Collaborative effort only way to curb resistance

Monday, November 25th, 2019 00:00 |
Dr John Kiiru and Dr Evelyne Wesangula. Photo/Courtesy

Milliam Murigi and Ann Nyathira

Did you know that not every illness is as a result of a bacterial infection? Surprisingly, the biggest percentage of Kenyans know this but still, the go-ahead to purchase antimicrobial drugs over the counter.

These drugs are used both in humans and animals to prevent and treat infectious diseases. In some countries, they are used in animal farming as growth promoters.

But because of their widespread availability and familiarity, low cost, and relative safety, they are among the most misused of all medicines and the main cause of Antimicrobial resistance (AMR).

AMR can occur naturally, but it is exacerbated by inappropriate and excessive use of antimicrobials in health and agriculture.

Allan Azegele, AMR Focal person at the Ministry of Agriculture, Livestock, and Fisheries says prudent use of antibiotics will keep them effective. “AMR is a complex issue, which requires several people and sectors to tackle it.

Human, animal, and ecosystem are all interconnected and to tackle the issue there is a need for a coordinated, collaborative and multidisciplinary and cross-sectoral approach,” he says. 

Antimicrobial use (AMU) in animal production is another key contributor to AMR worldwide. 

Globally, animals make up 70 per cent (60,000 tonnes) of AMU, with 30 per cent consumed by humans. Experts predict a rise in this percentage, fuelled by demand for animal-sourced food products.

“All we need to do is to practice good animal husbandry because we trade a lot with animal products and this will keep the burden low.

This is because as humans we are the ones who buy the antibiotics either for our own consumption or for our animals,” he adds.

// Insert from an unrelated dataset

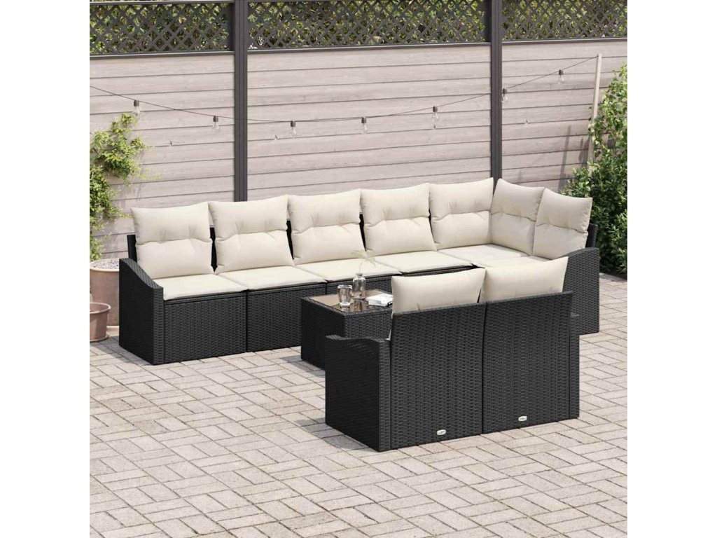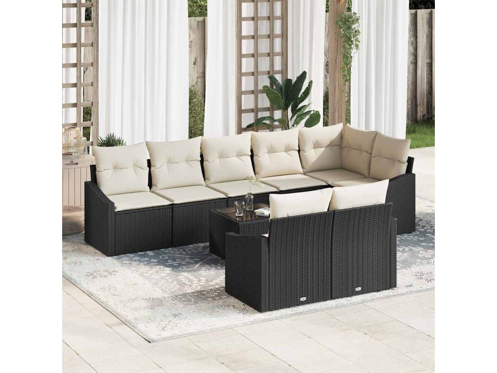 Set pohovek s polštářem 9 pcs Hnědá a krémová polyratan 3355446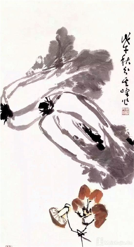 孫其峰(1920-2023),山東招遠人,中國近現代書畫家、美術教育家。孫其峰經常探求些不規則又富有變化的周秦風格的章法,從中體會貫通花鳥畫的構圖原理?!霸谖倚哪恐?,畫與印,微觀上有明顯區別,在宏觀上它們又是相通一致的?!?nbsp;孫其峰重視寫生與造型精準性,強調從自然中提煉形象。他筆下的白菜(左上圖),既有大寫意的豪邁粗放,又有著小寫意的精致內斂,水墨韻味濃郁,凸顯“不求形似,不離形似,貌離神合,似非而是”的寫意境界。

The Food and Agriculture Organisation says fruits, vegetables and grains with microorganisms are responsible for foodborne illnesses worldwide, including outbreaks of disease caused by antimicrobial-resistant bacteria.

“Since some of these fruits and vegetables may be eaten raw, they may be vehicles of dissemination of bacteria and their resistance genes to the consumer and the handler,” explained Dr John Kiiru of Kenya Medical Research Centre (Kemri).

Reports from the Ministry Of Health says some sources of microbial contamination in the pre-harvest environment include soil, organic fertilisers, and irrigation water.

Dr Kiiru concurs, saying there is a direct link between water quality used for irrigation and antimicrobial-resistant bacteria on foods.

“Wastewater effluent may have this resistant bacteria, especially if untreated soils irrigated with wastewater become contaminated with them,” he says.

He says use of uncured manure, animal feeds laced with antibiotics but labelled as fattening rations, and use of antibiotics to prevent bacterial bright on flowers and vegetables pose a major risk to the health since such practices not only lead to the emergence of resistant bacteria but also the faster transmission of existing clones. 

“We, researchers, are increasingly getting worried about the diversity and extent of the spread of infectious pathogens resistant to drugs.

It is difficult to minimise AMR to zero or even eliminate it, but the current trend can be reduced through the use of biological pest control or cleaner water. Farmers and food handlers should ensure they adhere to food safety measures,” he adds.

Dr Evelyne Wesangula from the Ministry of Health reveals companies are not ready to invest in research and development to come up with new antibiotics as it is a costly affair and the drugs become resistant a few years after deployment.  

She says if action is not taken to keep the available antibiotics effective, we might end up with no antibiotics in the future.

“We can reduce the burden of AMR if we do the right thing. Stop consulting Dr Google and develop the habit of seeing a doctor,” she says. Since AMR is a faceless threat and takes longer to treat, there is no available data to show how big the problem is.

“Unavailability of data, the complexity of the issue and having so many players involved is the reason we are yet to implement national policy and action plan developed to reduce the burden,” she says.